Hyperparameter optimization for Deep Learning Structures using Bayesian Optimization

I have constructed a CLDNN (Convolutional, LSTM, Deep Neural Network) structure for raw signal classification task.

Each training epoch runs for about 90 seconds and the hyperparameters seems to be very difficult to optimize.

I have been research various ways to optimize the hyperparameters (e.g. random or grid search) and found out about Bayesian Optimization.

Although I am still not fully understanding the optimization algorithm, I feed like it will help me greatly.

I would like to ask few questions regarding the optimization task.

  1. How do I set up the Bayesian Optimization with regards to a deep network?(What is the cost function we are trying to optimize?)
  2. What is the function I am trying to optimize? Is it the cost of the validation set after N epochs?
  3. Is spearmint a good starting point for this task? Any other suggestions for this task?

I would greatly appreciate any insights into this problem.


Although I am still not fully understanding the optimization algorithm, I feed like it will help me greatly.

First up, let me briefly explain this part. Bayesian Optimization methods aim to deal with exploration-exploitation trade off in the multi-armed bandit problem. In this problem, there is an unknown function, which we can evaluate in any point, but each evaluation costs (direct penalty or opportunity cost), and the goal is to find its maximum using as few trials as possible. Basically, the trade off is this: you know the function in a finite set of points (of which some are good and some are bad), so you can try an area around the current local maximum, hoping to improve it (exploitation), or you can try a completely new area of space, that can potentially be much better or much worse (exploration), or somewhere in between.

Bayesian Optimization methods (e.g. PI, EI, UCB), build a model of the target function using a Gaussian Process (GP) and at each step choose the most "promising" point based on their GP model (note that "promising" can be defined differently by different particular methods).

Here's an example:

sin(x)*x

The true function is f(x) = x * sin(x) (black curve) on [-10, 10] interval. Red dots represent each trial, red curve is the GP mean, blue curve is the mean plus or minus one standard deviation. As you can see, the GP model doesn't match the true function everywhere, but the optimizer fairly quickly identified the "hot" area around -8 and started to exploit it.

How do I set up the Bayesian Optimization with regards to a deep network?

In this case, the space is defined by (possibly transformed) hyperparameters, usually a multidimensional unit hypercube.

For example, suppose you have three hyperparameters: a learning rate α in [0.001, 0.01], the regularizer λ in [0.1, 1] (both continuous) and the hidden layer size N in [50..100] (integer). The space for optimization is a 3-dimensional cube [0, 1]*[0, 1]*[0, 1]. Each point (p0, p1, p2) in this cube corresponds to a trinity (α, λ, N) by the following transformation:

p0 -> α = 10**(p0-3)
p1 -> λ = 10**(p1-1)
p2 -> N = int(p2*50 + 50)

What is the function I am trying to optimize? Is it the cost of the validation set after N epochs?
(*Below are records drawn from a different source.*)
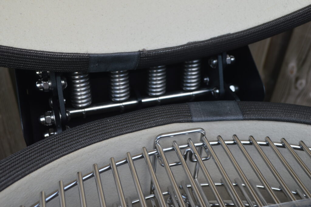 Wat ook niet onbenoemd mag blijven is de extra versteviging van het openingsmechanisme. Check op de foto in het midden, tussen de veren is een extra metalen plaat geplaatst om de pin die de veren op zijn plek houd 2 keer zo sterk te maken, wat er voor zorgt dat deze niet gaat buigen en dit heeft natuurlijk weer zijn positieve werking op het sluiten van de kamado en dus ook gelijk op de werking van het gehele apparaat. Zo kan een kleine aanpassing zeer grote gevolgen voorkomen. Klein detail, grote impact dus!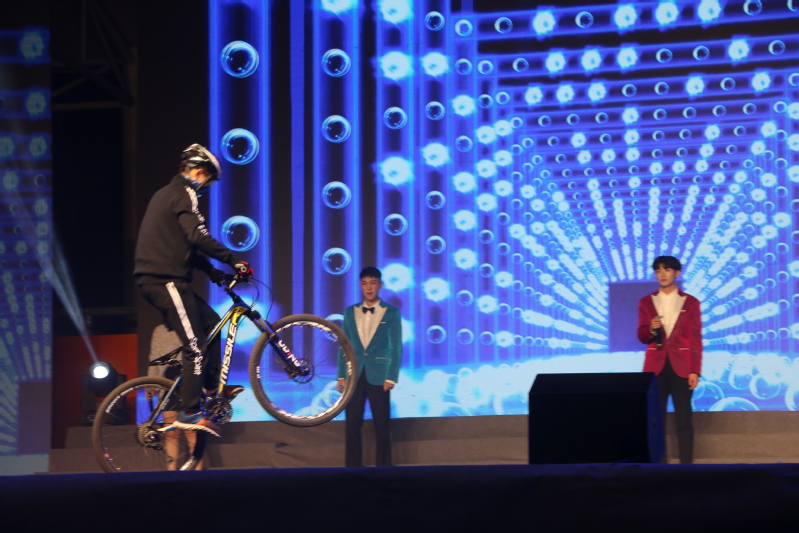 此次晚会共分为三个篇章:致敬青春、放歌朝华、启梦未来。每一个篇章的节目都从不同侧面全方位展示了我校的风采。伴随着LED大屏幕上的倒计时,迎新晚会在开场舞《幸福花开》中拉开帷幕;现代舞《致青春》,动感的音乐和奔放的舞姿展现出了大学生的风采与活力;随后,M·EAST街舞社带来了激光舞《Salute Michael Jackson》,帅气十足的舞姿让晚会气氛更加热烈,更引来了同学们的阵阵掌声和赞叹。微风乍起,些许寒意并没有影响到同学们的热情。歌曲《重返十七岁》走进了在场所有人内心最柔软细腻的一隅,背后的LED视频与前台表演交相呼应,给观众带来了一场视听盛宴;朗诵《大学是什么》由师生同台演出,共同演绎了美好的画卷;小品《你的模样》幽默风趣却又感人至深,深深表达了老师们对学生的爱与奉献。整场晚会精彩不断,高潮迭起,赢得台下阵阵掌声。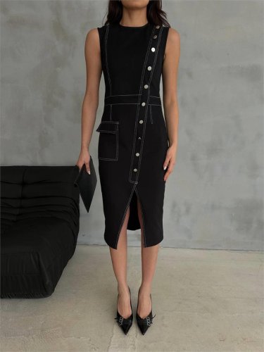 • SUKIENKA OŁÓWKOWA Z GABARDYNY Z GUZIKAMI I DEKORACYJNYMI ROZCIĘCIAMI - Beżowa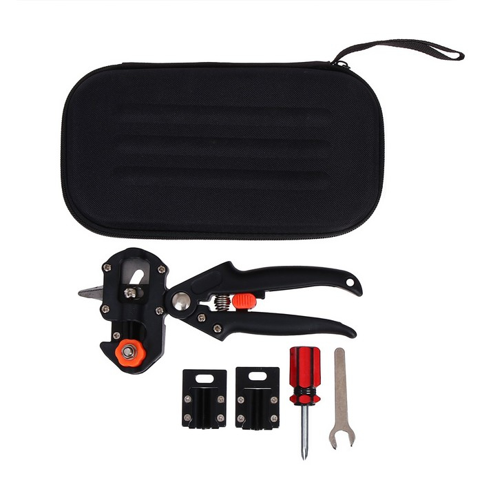 Набор профессиональный: секатор прививочный, 2 насадки, отвёртка, гаечный ключ, в чехле, Greengo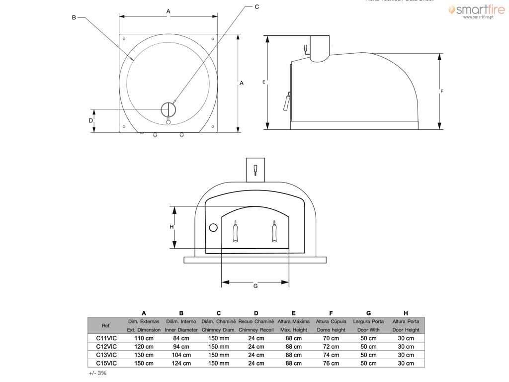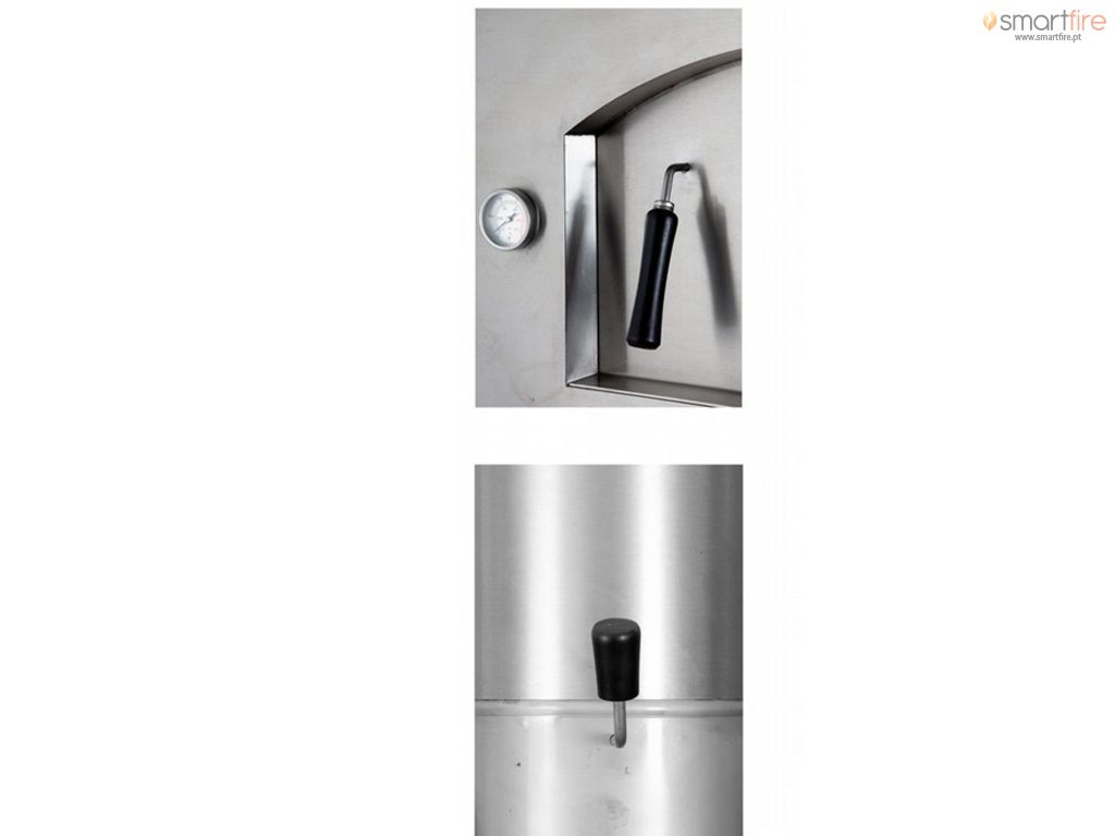 Tamanhos desde 110 cm até 150 cm de largura exterior da base. Acabamento em cortiça projectada. Interior em barro refratário com reforço estrutural. Inclui termómetro bi-metálico em aço inox. Inclui chapéu em aço inox incluído.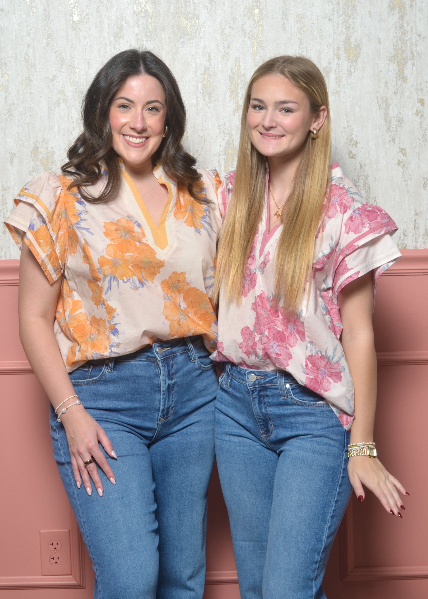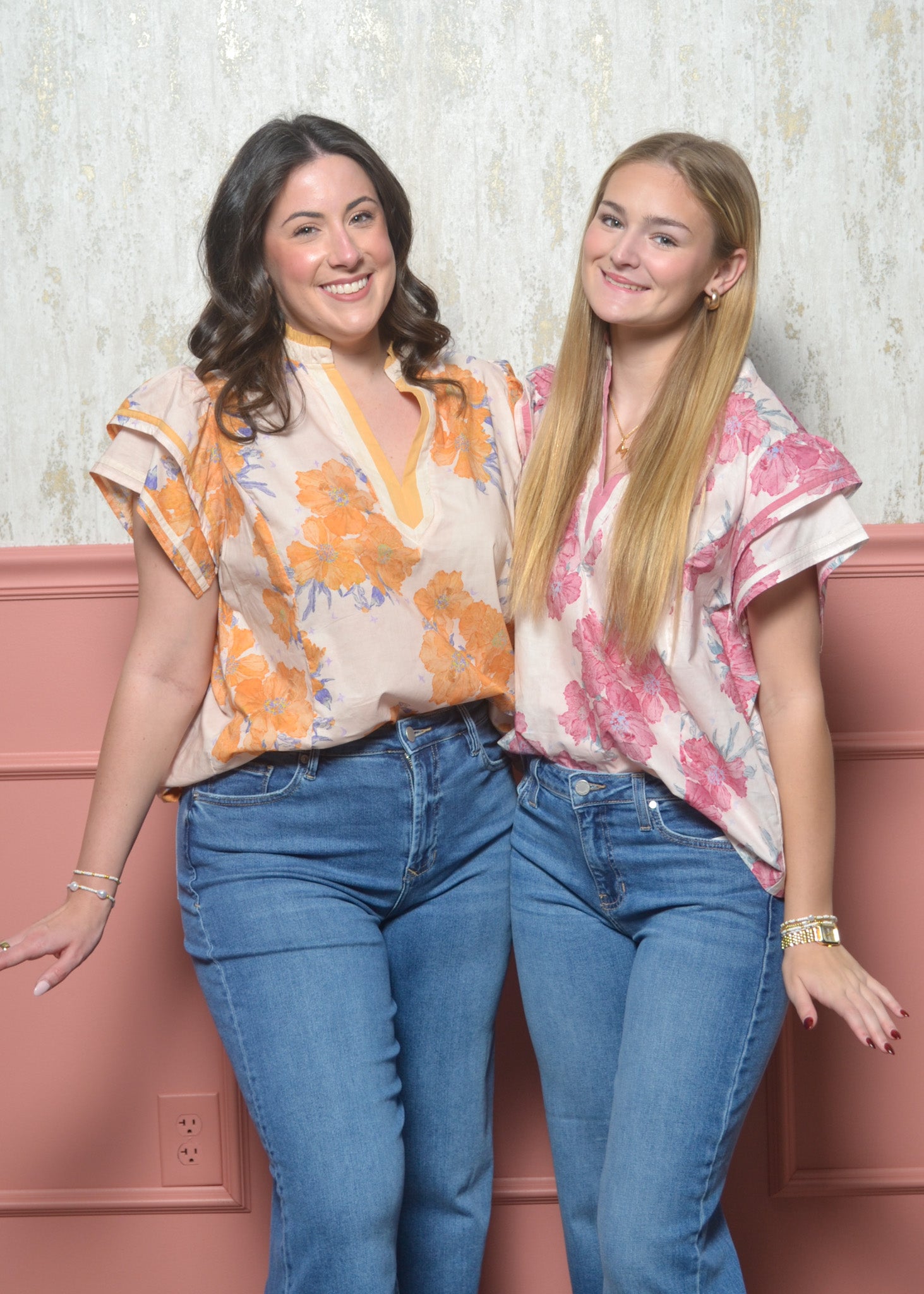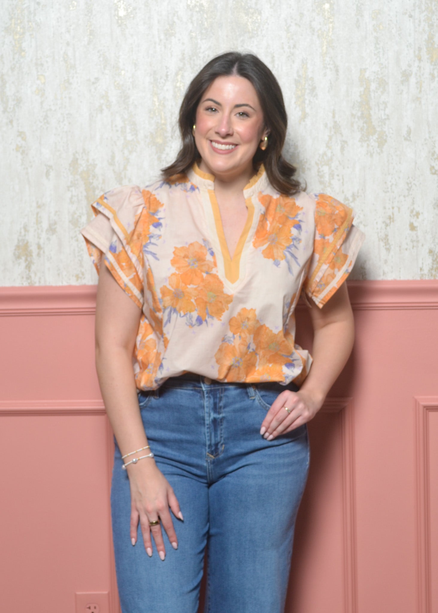 Soft, feminine, and easy to dress up or down, this floral flutter sleeve top brings a fresh pop of color to your everyday wardrobe. Pair it with denim for casual days or tuck it into tailored pants for an elevated look.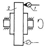 На станине станка устанавливают показывающий прибор 1 (черт. 2) так, чтобы его измерительный наконечник касался торцовой обработанной поверхности обода пильного шкива 2 и был перпендикулярен к ней в плоскости измерения.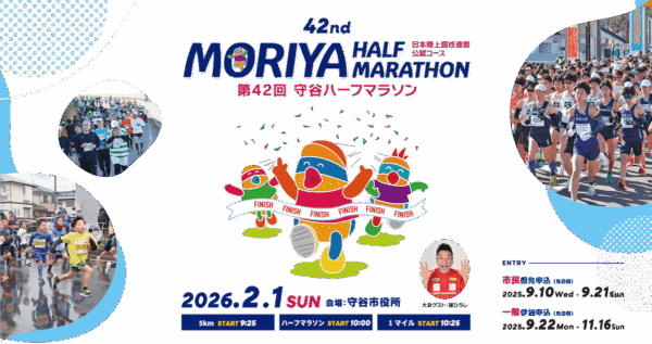 | 問い合わせ | 守谷ハーフマラソン事務局 TEL:0297-38-7735(平日/8:30~17:15 土・日・祝日は除く) E-Mail:info@sports-moriya.com |

Correct, the target function is neural network validation accuracy. Clearly, each evaluation is expensive, because it requires at least several epochs for training.

Also note that the target function is stochastic, i.e. two evaluations on the same point may slightly differ, but it's not a blocker for Bayesian Optimization, though it obviously increases the uncertainty.

Is spearmint a good starting point for this task? Any other suggestions for this task?

spearmint is a good library, you can definitely work with that. I can also recommend hyperopt.

In my own research, I ended up writing my own tiny library, basically for two reasons: I wanted to code exact Bayesian method to use (in particular, I found a portfolio strategy of UCB and PI converged faster than anything else, in my case); plus there is another technique that can save up to 50% of training time called learning curve prediction (the idea is to skip full learning cycle when the optimizer is confident the model doesn't learn as fast as in other areas). I'm not aware of any library that implements this, so I coded it myself, and in the end it paid off. If you're interested, the code is on GitHub.